Therefore, the technical problem to be solved by the present invention is to overcome the defect in the prior art that the active components on the surface layer of the monolithic catalyst are more likely to fall off, thereby providing an monolithic catalyst and a preparation method thereof.

To this end, the present invention provides the following technical solutions.

In a first aspect, the present invention provides an integral catalyst, which includes a catalytic part and a supporting part. The catalytic part is disposed on the surface of the supporting part, and the catalytic part and the supporting part are provided with an overlapping area. The overlapping area refers to an area where the laser additive manufacturing process of the catalytic part and the laser additive manufacturing process of the supporting part are repeated.

Further, the catalytic part and the supporting part are both prepared through a laser additive manufacturing process.

Further, the thickness of the overlapping area is ≤ 20% of the cross-sectional diameter of the pillars of the support unit structure. The thickness of the overlapping area can be designed as needed. In order to ensure the strength of the supporting structure, the overlapping amount should not be higher than 20% of the cross-sectional diameter of the pillars of the supporting unit structure.

Further, the support part is formed by an array of support unit structures, and the support unit structure is a porous structure, preferably a lattice structure or a topology optimized structure.

Further, the catalytic part is coated on the surface of the supporting part, or

The catalytic part forms fins on the surface of the supporting part.

Further, the catalytic part is formed by an array of catalytic unit structures.

Furthermore, the catalytic unit structure and the supporting unit structure are arrayed in the same manner.

Further, the lattice structure is one of a body-centered cubic lattice structure, a face-centered cubic lattice structure, a tetrahedral lattice structure, a diamond-shaped lattice structure, and an arched truss lattice structure;

Optionally, the cross-sectional outer contour of the lattice structure pillars is polygonal or streamlined;

Optionally, the polygon is a square or a triangle;

Optionally, the streamline shape is circular.

Further, the catalytic part material includes at least one of nickel, copper, cobalt, iron, titanium, vanadium, cerium or zirconium;

and / or,

The support portion material includes at least one of nickel, copper, cobalt, iron, titanium, vanadium, cerium or zirconium.

The porosity of the catalytic part > the porosity of the supporting part _.

Furthermore, fins can be provided on the surface of the catalytic part to further increase the specific surface area of the catalyst.

Furthermore, the support part and the catalytic part are made of different powders, which can further reduce the cost of the precious metal catalyst.

Further, the catalytic part material also includes a binding material.

Furthermore, the catalytic part material and the supporting part material may respectively be pure metals of nickel, copper, cobalt, iron, titanium, vanadium, cerium or zirconium, or may be alloys including the above elements.

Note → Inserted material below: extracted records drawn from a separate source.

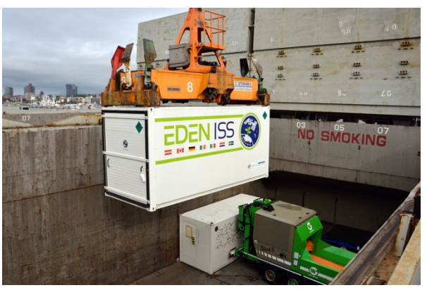
Figure 16: Loading of one of the EDEN ISS container onto the Golden Karoo in Hamburg
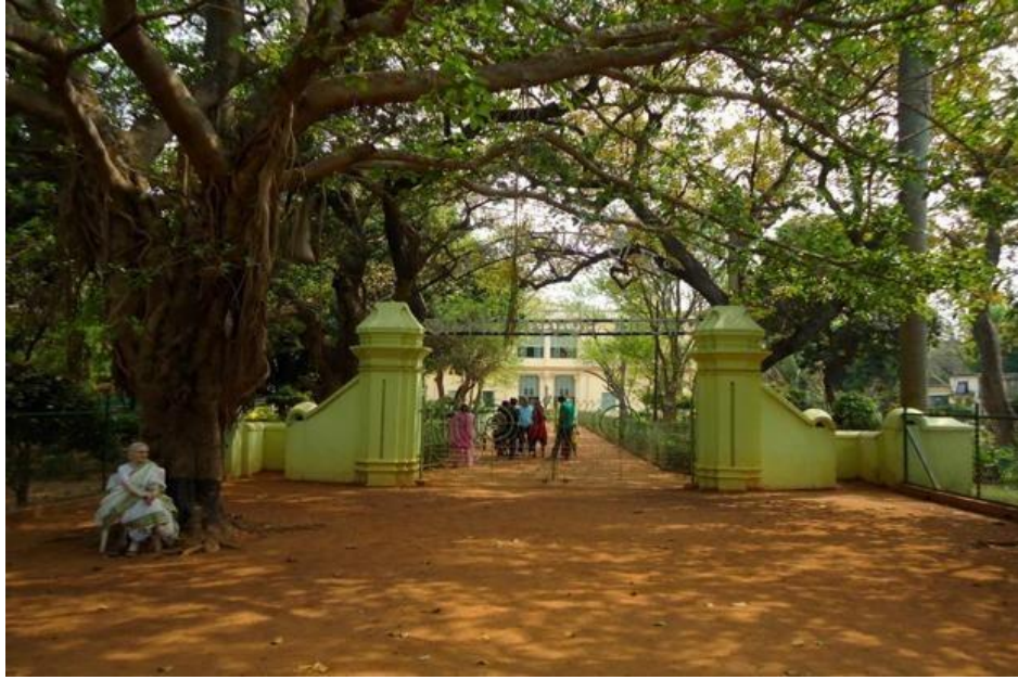
5 - Shanti Niketana Griha
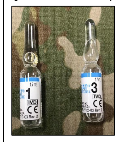
Figure C1. Level 1 and 3 ampules
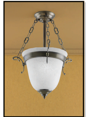
Pendant Item 2166
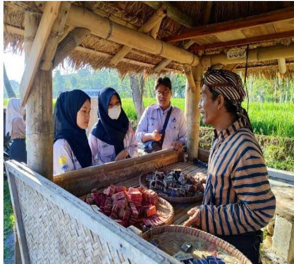
Figure 4. The Process of Exchanging Uli Money to Be Used by Visitors

Economic equality in Pasar Sawahan activities is highly structured: profits are distributed after activities are completed, and sellers exchange the uli money they earn for rupiah. The system of exchanging rupiah for uli money aims to introduce traditional transactions and become an icon in the unique buying and selling process (Afandi et al., 2024). Sellers then provide input and evaluations during the buying and selling process.

Further, the catalytic part material and/or the supporting part material is powder; preferably, the particle size of the powder is 10 to 500um.

In a second aspect, the present invention provides a method for preparing a monolithic catalyst, which includes the following steps:

Step 1. Design the models of the catalytic part and the supporting part respectively, and design the overlap between the catalytic part and the supporting part;

Step 2. Import the models of the catalytic part and the supporting part into the laser additive manufacturing equipment respectively, and adjust the model positions of the catalytic part and the supporting part according to the designed overlap amount;

Step 3: Set the laser additive manufacturing process parameters of the support part and the catalytic part respectively and prepare them to prepare a monolithic catalyst.

Further, in step 3, the laser scanning spacing for preparing the catalytic part is greater than the laser scanning spacing for preparing the supporting part;

and/or the laser scanning speed for preparing the catalytic part is greater than the laser scanning speed for preparing the supporting part.

Further, in step 2, after adjusting the model positions of the catalytic part and the supporting part according to the designed overlap amount, the models of the catalytic part and the supporting part are sliced separately;

Preferably, the slice thickness of the catalytic part is an integer multiple of the slice thickness of the supporting part, preferably 1 to 3 times.

Further, the laser additive manufacturing process is a selective laser melting process, a selective laser sintering process or a laser directed energy deposition process.

Further, the laser selective melting process includes:

The supporting part processing area and the catalytic part processing area are respectively scanned according to the set laser additive manufacturing process parameters of the supporting part and the catalytic part.

Preferably, when each layer is manufactured, when there is both a support part processing area and a catalytic part processing area, the support part processing area is scanned first, and then the catalytic part processing area is scanned. Scanning the support part first will help improve the overall mechanical properties and dimensional accuracy of the catalyst.

Optionally, the supporting part and the catalytic part are made of the same material.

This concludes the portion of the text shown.